Thanks, Alex.  Endo's article is cast as a response to Bader, with whom he specifically takes issue on some points. 

--

Professor Dominik Wujastyk
​,​

Singhmar Chair in Classical Indian Society and Polity
​,​

University of Alberta, Canada
​.​

South Asia at the U of A:
 
​sas.ualberta.ca​
​​


On 21 December 2016 at 11:39, Alex Watson <alex.watson@ashoka.edu.in> wrote:
From: Dominik Wujastyk <wujastyk@gmail.com>
To: Matthew Kapstein <mkapstei@uchicago.edu>
Cc: Indology List <indology@list.indology.info>
Date: Tue, 20 Dec 2016 12:25:00 -0700
Subject: Re: [INDOLOGY] khyā/khyāti

On 20 December 2016 at 04:41, Matthew Kapstein <mkapstei@uchicago.edu> wrote:
​...​


Me too.  ​I would also be interested in any studies of the presumably related term prasaṅkhyāna (= "sattvapuruṣānyatākhyāti" PYŚ) that is a keyword in the Pātañjalayogaśāstra. ​ I am aware of 

Endo, K. Mayeda, S.; Matsunami, Y.; Tokunaga, M. & Marui, H. (Eds.) "Prasaṃkhyāna in the Yogabhāṣya" in The Way to Liberation: Indological Studies in Japan, Manohar Publishers & Distributors, 2000, 75-89. 

​Best,
Dominik​
 
Dear Dominik

See pp. 74–80 of Jonathan Bader's Meditation in Śaṅkara's Vedānta.  There he
- contrasts prasaṅkhyāna with the almost synonymous term pratisaṅkhyāna (famously the topic of the third chapter of Śaṅkara's Upadeśasāhasrī)
and
- discusses the use of the term prasaṃkhyāna in classical Yoga, Advaita Vedānta and Kālidāsa.
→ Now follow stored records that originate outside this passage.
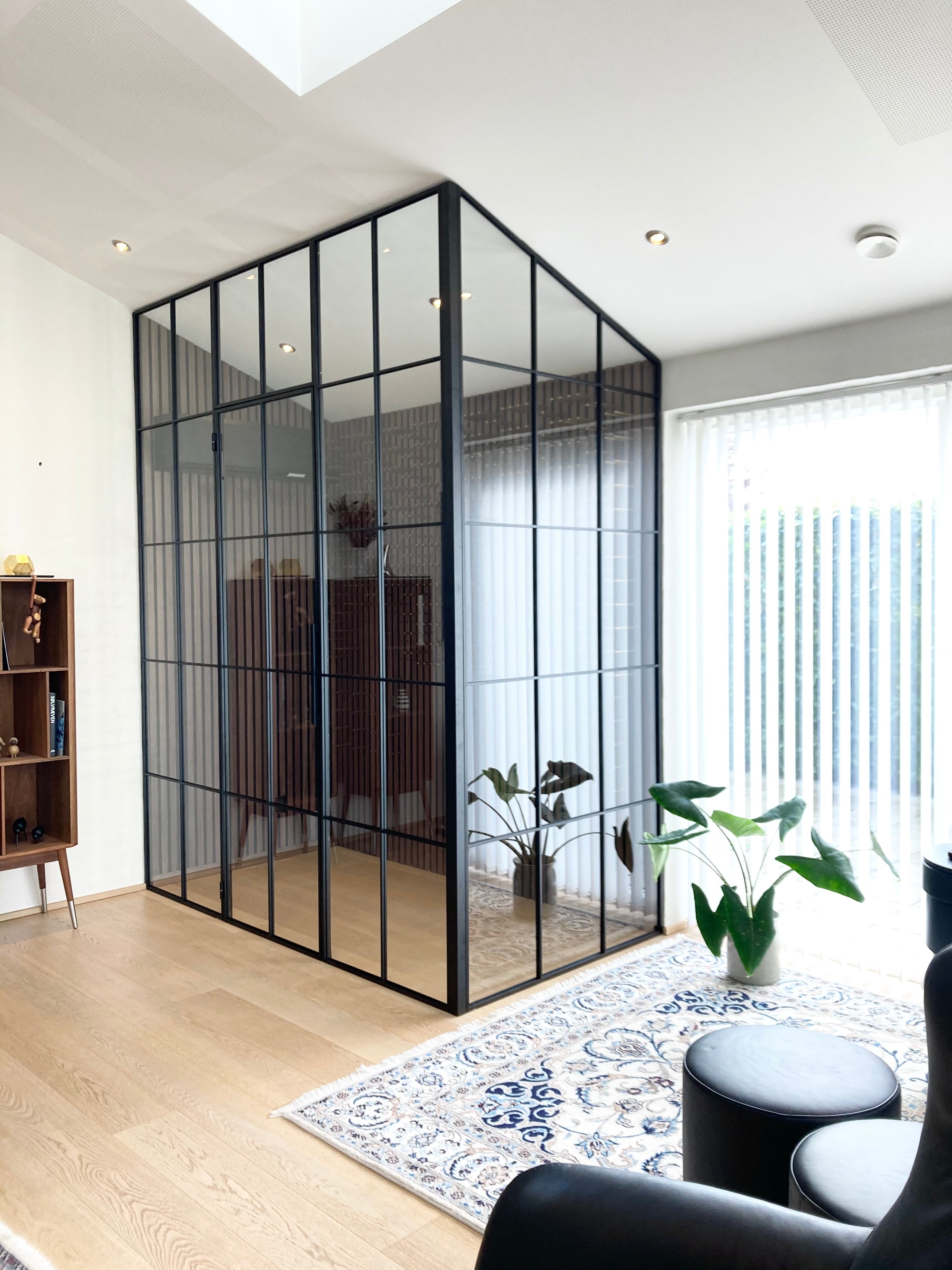 Vi opbygger og svejser din New Yorker væg med en slank og elegant hovedramme på 15 mm, samt smalle sprosser på 10 mm. Alt bliver håndlavet efter dine specifikke mål og ønsker på vores eget værksted i Ryomgård.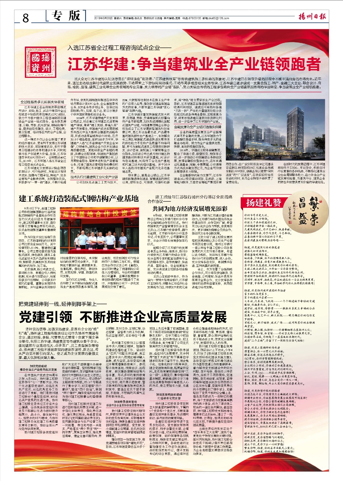 為了充分展示新中國成立70年來特別是黨的十八大以來建工控股改革發(fā)展所取得的歷史性成就,公司推出一期《揚州日報》國慶專版,并對公司網(wǎng)站進(jìn)行了全面改版,更加符合當(dāng)下信息宣傳需要。系統(tǒng)企業(yè)江蘇華建、揚建集團參加由市政府舉辦的2019運河文化嘉年華活動,用精心裝飾的花船點亮了千年運河的獨特風(fēng)姿。江蘇華建同時聯(lián)合揚州廣電推出了慶祝新中國成立70周年特別策劃——《愿以此身長報國》,展現(xiàn)了一個地方國企的初心和擔(dān)當(dāng)。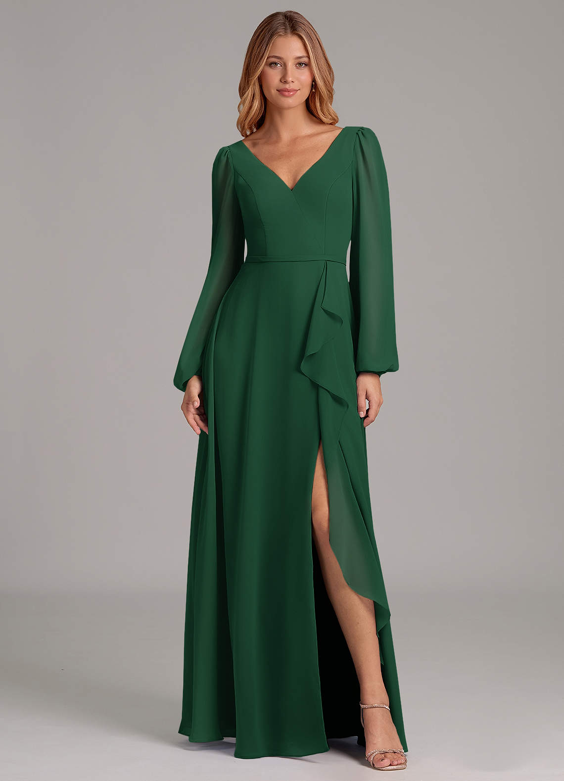 Vestido de Verde Oscuro de Gasa de Corte en A con Manga larga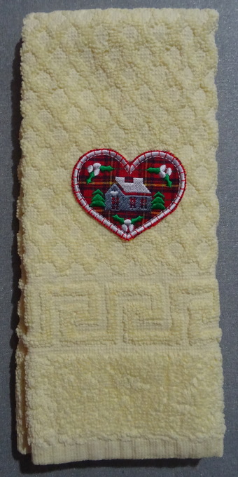 hellgelbes Handtuch mit aufgenähtem dunkelrotem weissumrandetem Herzinnen eine Hütte mit zwei TannenbäumenMaterial: 100 % BaumwolleNEU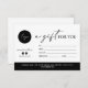 Un élégant certificat cadeau minimal avec un CADEAU POUR VOUS en police décontractée manuscrite associée à une police serif classique avec deux icônes sociales (Facebook et Instagram) et espace pour votre compte social. En bas, une bordure noire avec vos coordonnées complètes en blanc. Notre modèle de certificat-cadeau offre un équilibre parfait entre élégance moderne et personnalisation de la marque. Vous pouvez facilement intégrer votre logo d'entreprise, en vous assurant que votre identité de marque brille par le biais. TOUTE COULEUR DISPONIBLE Si vous avez besoin d'icônes supplémentaires ou de modifications spécifiques, n'hésitez pas à nous contacter à l'adresse citronelladesign@gmail.com avant de passer votre commande Toute entreprise qui souhaite attirer des clients, augmenter ses ventes ou fournir des incitatifs pour des actions spécifiques peut bénéficier de l'utilisation de bons cadeaux dans le cadre de ses efforts de marketing et de promotion. C'est un excellent choix pour les Restaurants et Cafés, les Centres de Spa et de Bien-être, Voyage et Tourisme, des bons cadeaux pour des services comme des massages, des soins du visage et de bien-être.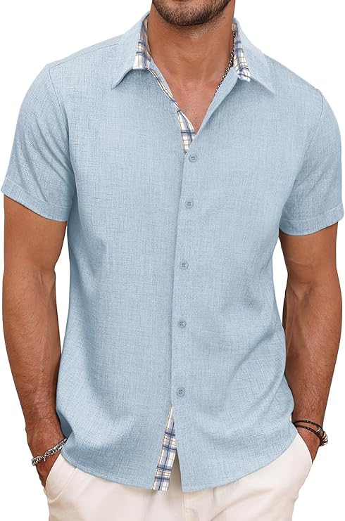 - Stylish Summer Beach Shirts: Features with short sleeve, spread collar, button down closure, chest pocket; Classic style with checkered pattern makes these button up shirts elegant and playful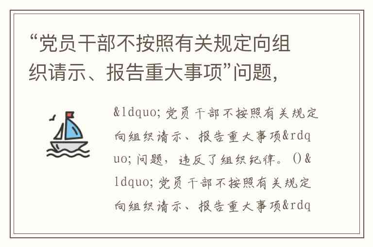 “党员干部不按照有关规定向组织请示、报告重大事项”问题,违反的是政治纪律,而非组织纪律。这一行为在《中国共产党纪律处分条例》中被明确列为第六十一条,属于“对直接责任者和领导责任者,情节较重的,给予警告或者严重警告处分;情节严重的,给予撤销党内职务或者留党察看处分”的情形。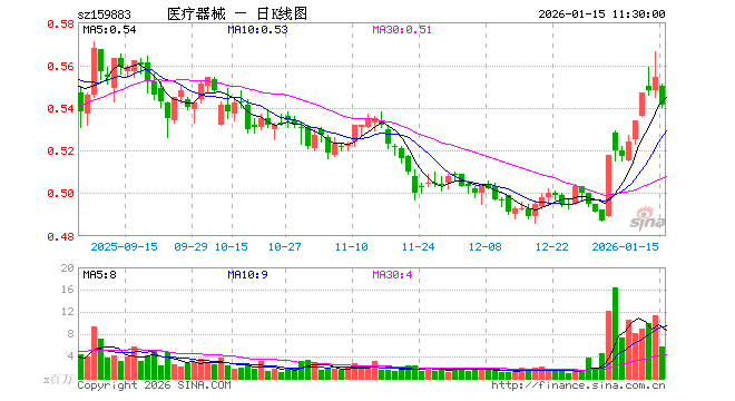 1月15日,截止午间收盘,医疗器械ETF(159883)跌2.35%,报0.541元,成交额3.11亿元。医疗器械ETF(159883)重仓股方面,迈瑞医疗截止午盘跌1.89%,联影医疗跌3.43%,爱美客跌1.92%,新产业跌1.56%,惠泰医疗跌1.10%,鱼跃医疗跌5.66%,乐普医疗跌2.96%,福瑞股份跌1.54%,英科医疗涨1.35%,山东药玻涨1.24%。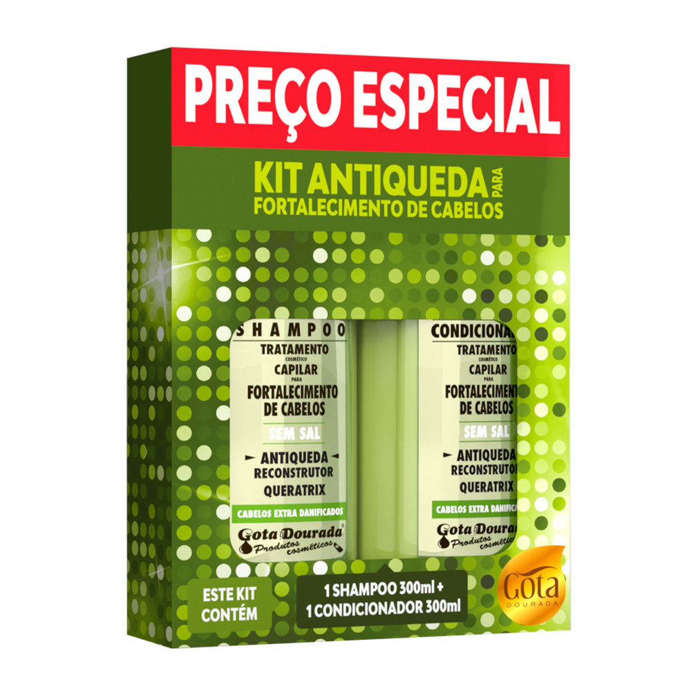 O Kit Antiqueda Gota Dourada Shampoo 300ml + Condicionador 300ml é ideal para quem sofre com a queda capilar e precisa de um tratamento eficaz para fortalecer os fios. Com a poderosa combinação do Queratrix (Queratina + Creatina), este kit age profundamente nos cabelos, combatendo a queda e reparando os danos causados por alisamentos, tintura e escovas. A fórmula especial penetra na estrutura capilar, proporcionando resistência, brilho e suavidade, além de reconstruir até os fios mais danificados.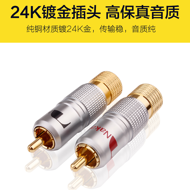 Taiwan midway pure copper gilded lotus head plug with lock signal wire connector sub RCA plug audio plug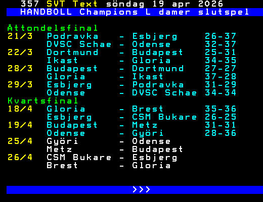 HANDBOLL Champions L damer slutspel Åttondelsfinal 21/3 Podravka - Esbjerg 26-37 DVSC Schae - Odense 32-37 22/3 Dortmund - Budapest 25-31 Ikast - Gloria 34-35 28/3 Budapest - Dortmund 27-27 Gloria - Ikast 37-28 29/3 Esbjerg - Podravka 31-29 Odense - DVSC Schae 34-34 Kvartsfinal 18/4 Gloria - Brest 35-36 Esbjerg - CSM Bukare 26-25 19/4 Budapest - Metz 31-31 Odense - Györi 28-36 25/4 Györi - Odense Metz - Budapest 26/4 CSM Bukare - Esbjerg Brest - Gloria >>> +Dela 3 dagar

khyāti in sattvapuruṣānyatākhyāti of course has a different sense from that which it has in the khyātivāda that Matthew was speaking of: erroneous cognition in the latter, correct cognition/discernment in the former.

Best
Alex
--
Alex Watson
Professor of Indian Philosophy
Ashoka University

_______________________________________________
INDOLOGY mailing list
INDOLOGY@list.indology.info
indology-owner@list.indology.info (messages to the list's managing committee)
http://listinfo.indology.info (where you can change your list options or unsubscribe)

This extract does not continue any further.